Sorry, I cannot let a beta kernel loose on our production fileserver... When are the U2 patchwork released as production?
fair enough, eta is currently about 2 weeks.
I'm sorry to say, that this new kernel didn't solve our problems. We have reason to believe, that this problem occours when there is high io, because it ususally happens when our backup system (tsm) is running, even in memory efficient mode (we have verified that the process doesn't consume more than 100M resident memory). We do have a brand new kernel dump, if you're interested. I'm also attaching the new netdump log...
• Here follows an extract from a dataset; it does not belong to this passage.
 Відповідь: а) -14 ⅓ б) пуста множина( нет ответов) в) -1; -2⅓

Created attachment 120447 [details] Netdump log of oops from crash at 2005-10-27
We are still experiencing random crashes on our production machines, so this issue is of high importance to us. From one of the latest crashes, yesterday, I've got a kernel dump through netdump, and a log file, if you are interested in this. We are highly suspecting autofs4 to be the catalyst for this behaviour, since the problem has gone away on another server, after we disabled autofs. However, it is not possible to diable autofs on all servers, since the one that crashed yesterday is a web server that needs to mount public_html catalogues on user accounts on other nfs servers.
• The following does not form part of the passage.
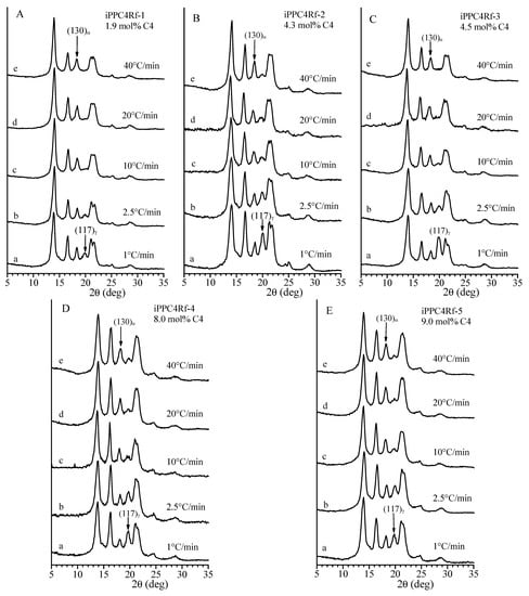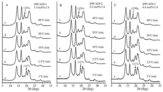 The samples displayed the same behavior regardless of the butene concentration and stereoregularity, that is, the intensity of the (130)α reflection of the α form at 2θ = 18.6° decreases and the intensity of the (117)γ reflection at 2θ = 20.1° of the γ form increases with decreasing cooling rate. The amount of γ form is reported in Figure 9 as a function of the cooling rate for the three sets of samples. These data indicate that the amount of γ form increases with decreasing cooling rate. Correspondingly, the γ form almost disappears and the almost pure α form crystallizes in all samples at the highest cooling rate of 40 °C/min (profiles e of Figure 6, Figure 7 and Figure 8). The highest concentration of γ form is always obtained at low cooling rates, whereas at high cooling rates the crystallization of the α form is always favored, even for samples that contain high total concentration of defects (high butene and high rr defects concentrations) that tend to crystallize normally in the γ form. In fact, even the less isotactic samples iPPC4Z4-3 and iPPC4Z9-3 with the highest butene concentrations of 8.2 and 6.4 mol%, respectively, that crystallize in the as-prepared samples in the almost pure γ form (fγ = 85 and 88%, respectively) (profiles c of Figure 1B,C and Figure 2), crystallize in the α form in the fast crystallization from the melt at high cooling rate (profiles e of Figure 7 and Figure 8).

Created attachment 127612 [details] Ooops message from the syslog We've just seen this issue on a production fileserver that we recently transitioned to RHEL4. It's running kernel 2.6.9-22.0.2.ELsmp on dual Athlon MP 1900+ with 2GB of RAM. This machine also uses autofs fairly heavily.
note that this is very likely a duplicate of 173843, which we are actively working....thanks.
(In reply to comment #11) > note that this is very likely a duplicate of 173843, which we are actively > working....thanks. I agree--I just noticed this following in my syslogs a few minutes before the crash, which seems to be consistent with Bug 173843: Apr 10 22:07:14 fileserver kernel: VFS: Busy inodes after unmount. Self-destruct in 5 seconds. Have a nice day... Apr 10 22:07:14 fileserver kernel: VFS: Busy inodes after unmount. Self-destruct in 5 seconds. Have a nice day... Any ballpark yet for a resolution on Bug 173843?
This does appear to be a duplicate of 173843, so I will close it as such. If it does turn out to be a duplicate, then we can reopen this report and investigate it more then. *** This bug has been marked as a duplicate of 173843 ***